Quadrotor Autonomous Landing on Moving Platform

TL;DR

This paper presents an autonomous quadrotor system capable of take-off, tracking, and landing on a moving platform using rapid pose estimation, obstacle avoidance, and a state machine, verified through extensive experiments.

Contribution

It introduces a novel integrated system combining AruCo marker-based pose estimation, gradient-based local planning, and autonomous control for moving platform landing.

Findings

Successful indoor and outdoor experiments demonstrate system effectiveness.

The system achieves rapid pose estimation and collision-free trajectory planning.

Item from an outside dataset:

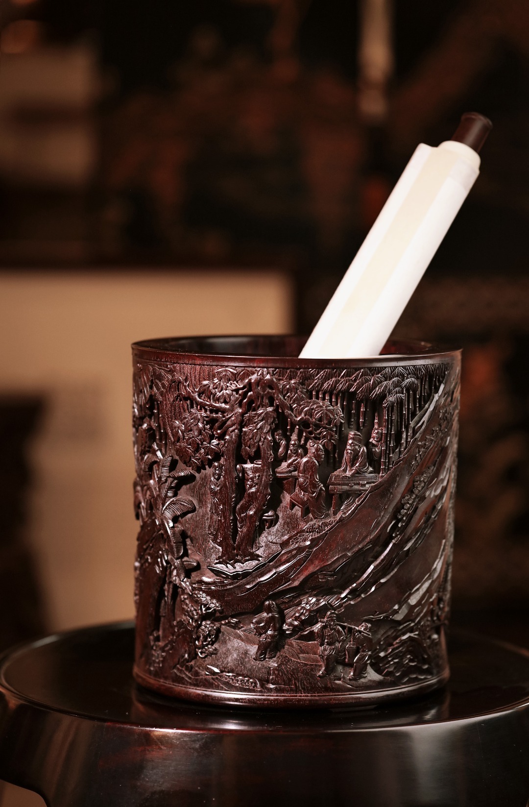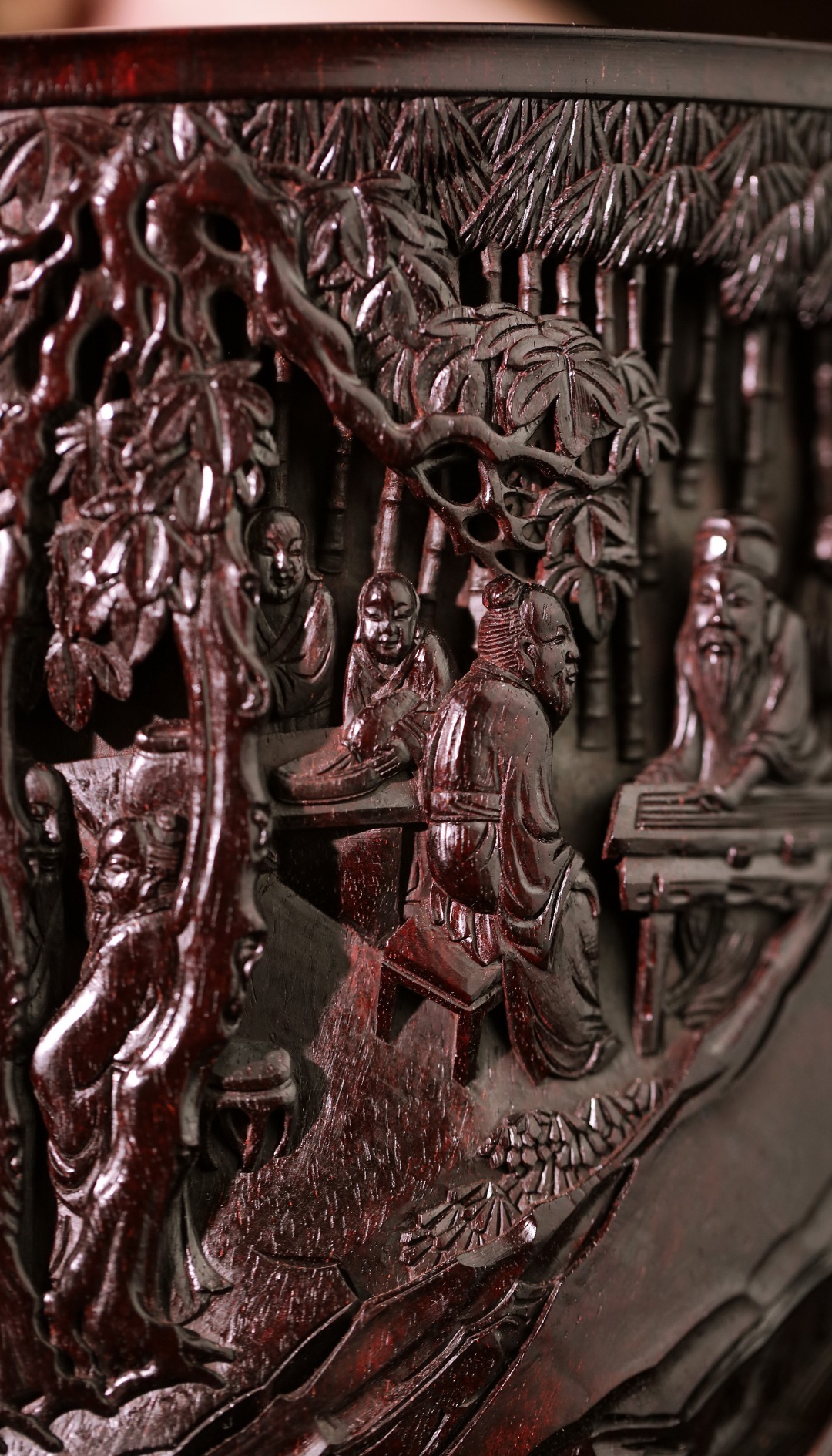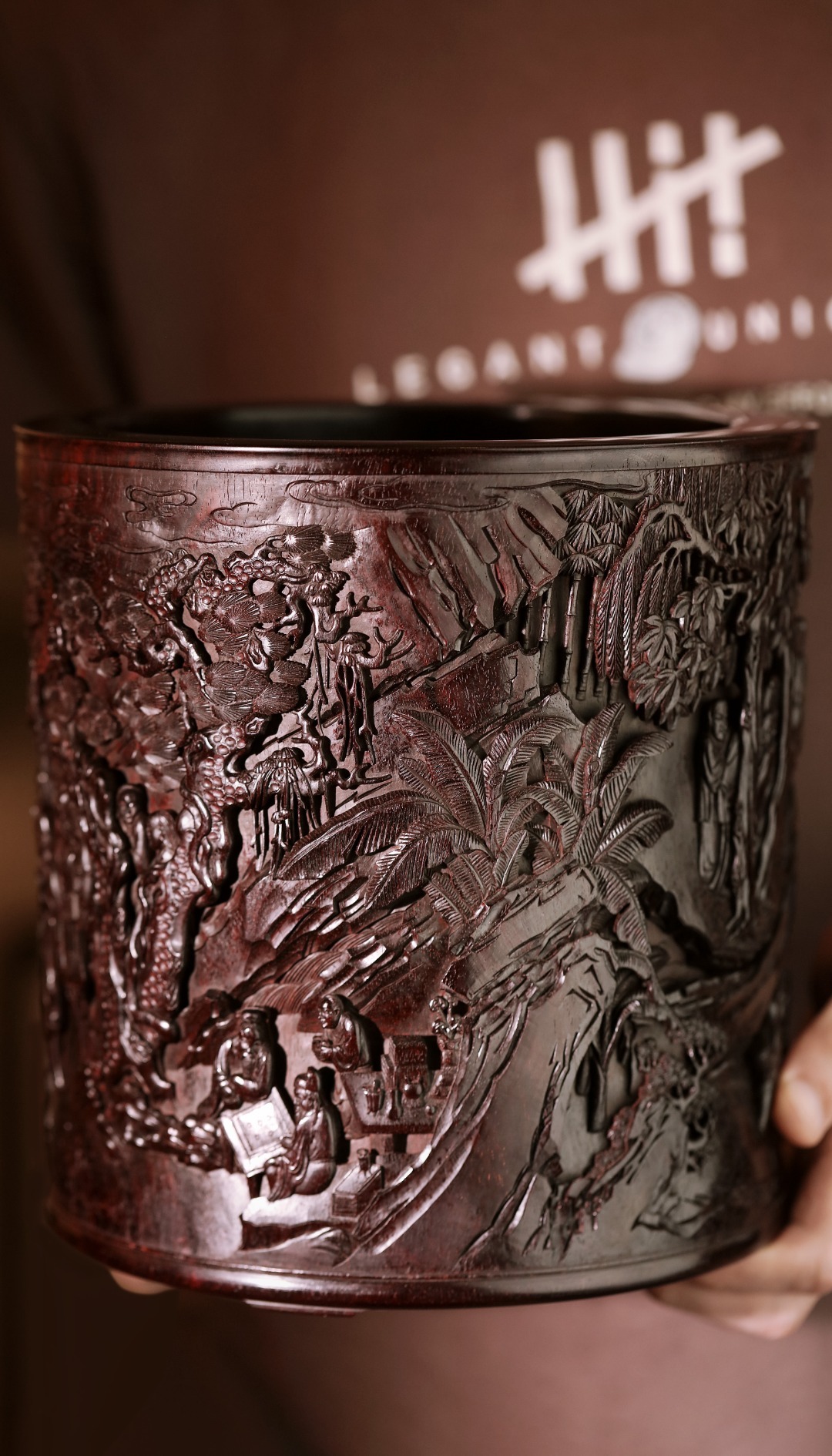 重器‼️小叶紫檀 | 西园雅集 超大笔筒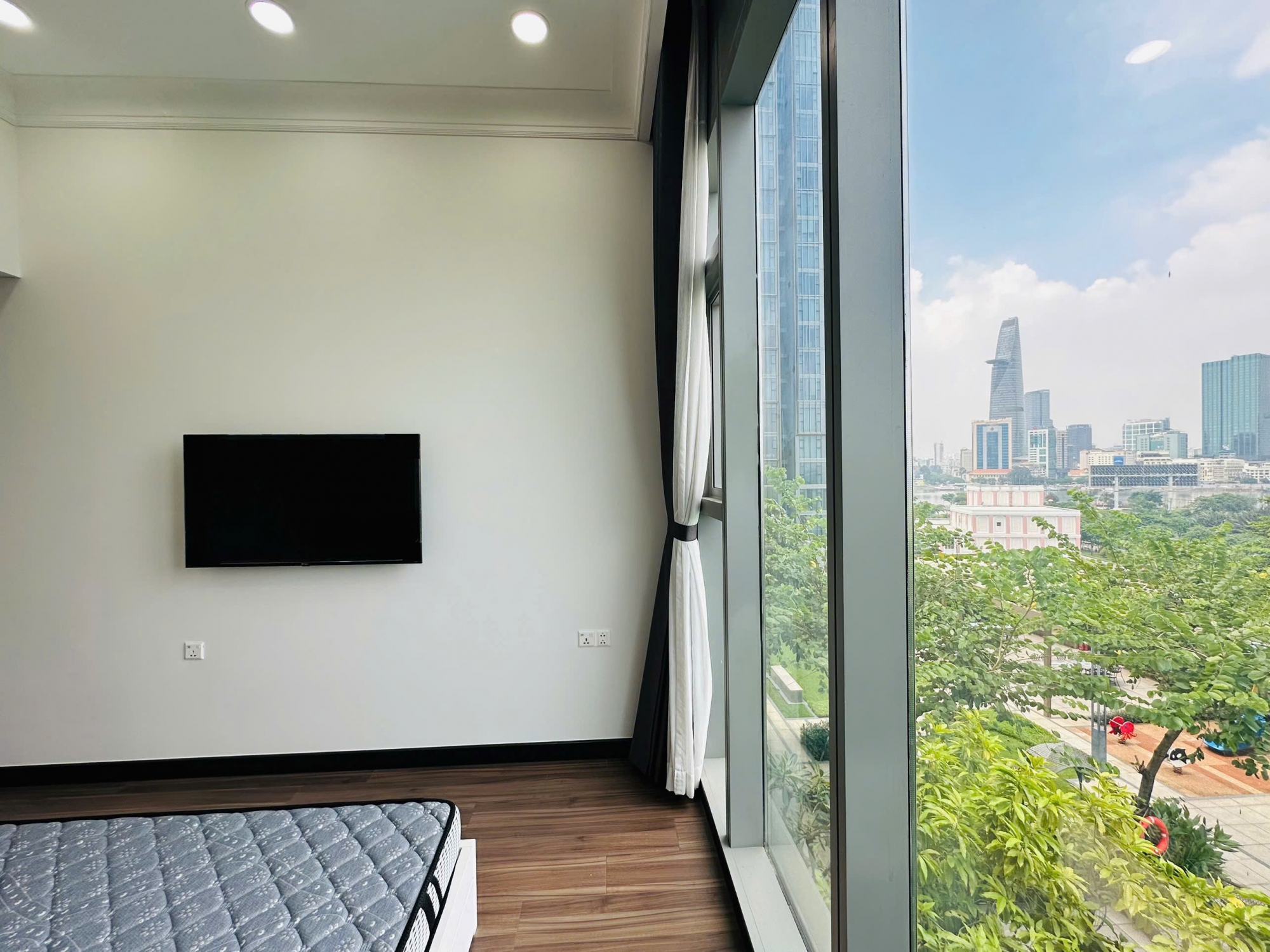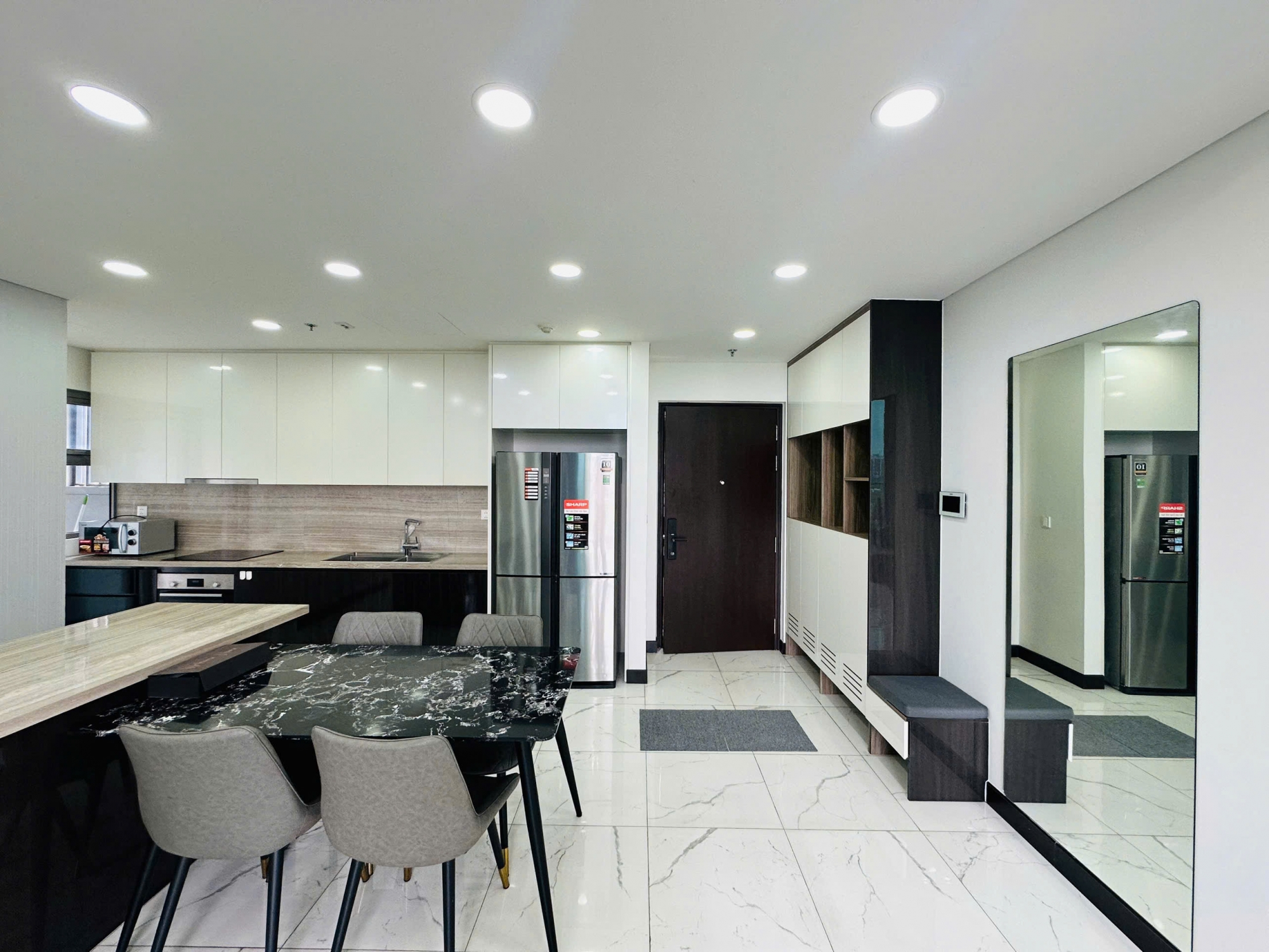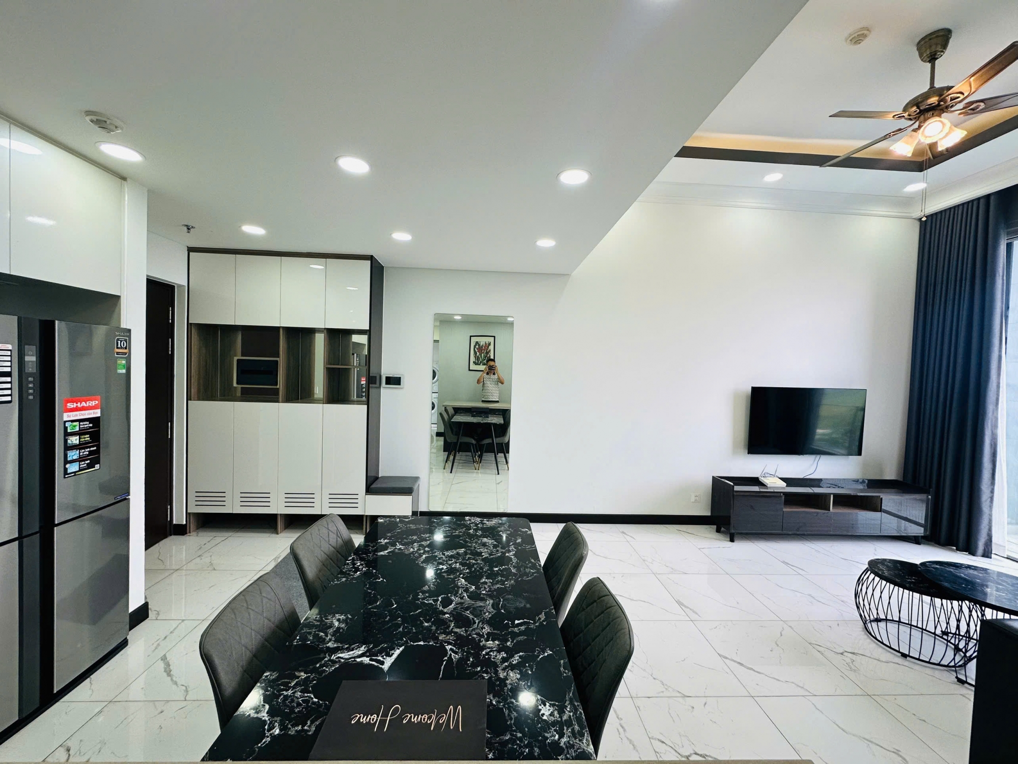 Căn hộ có diện tích 95m², bố trí gồm 2 phòng ngủ, không gian được thiết kế hợp lý giúp tối ưu công năng sử dụng và đảm bảo sự thoải mái trong sinh hoạt hằng ngày. Phòng khách rộng rãi, kết nối với khu bếp tạo thành không gian mở hiện đại. Toàn bộ căn hộ được trang bị full nội thất, thiết kế tinh tế, mang lại cảm giác ấm cúng nhưng vẫn rất sang trọng.

Autonomous landing on moving platforms is reliably accomplished.

Abstract

This paper introduces a quadrotor's autonomous take-off and landing system on a moving platform. The designed system addresses three challenging problems: fast pose estimation, restricted external localization, and effective obstacle avoidance. Specifically, first, we design a landing recognition and positioning system based on the AruCo marker to help the quadrotor quickly calculate the relative pose; second, we leverage a gradient-based local motion planner to generate collision-free reference trajectories rapidly for the quadrotor; third, we build an autonomous state machine that enables the quadrotor to complete its take-off, tracking and landing tasks in full autonomy; finally, we conduct experiments in simulated, real-world indoor and outdoor environments to verify the system's effectiveness and demonstrate its potential.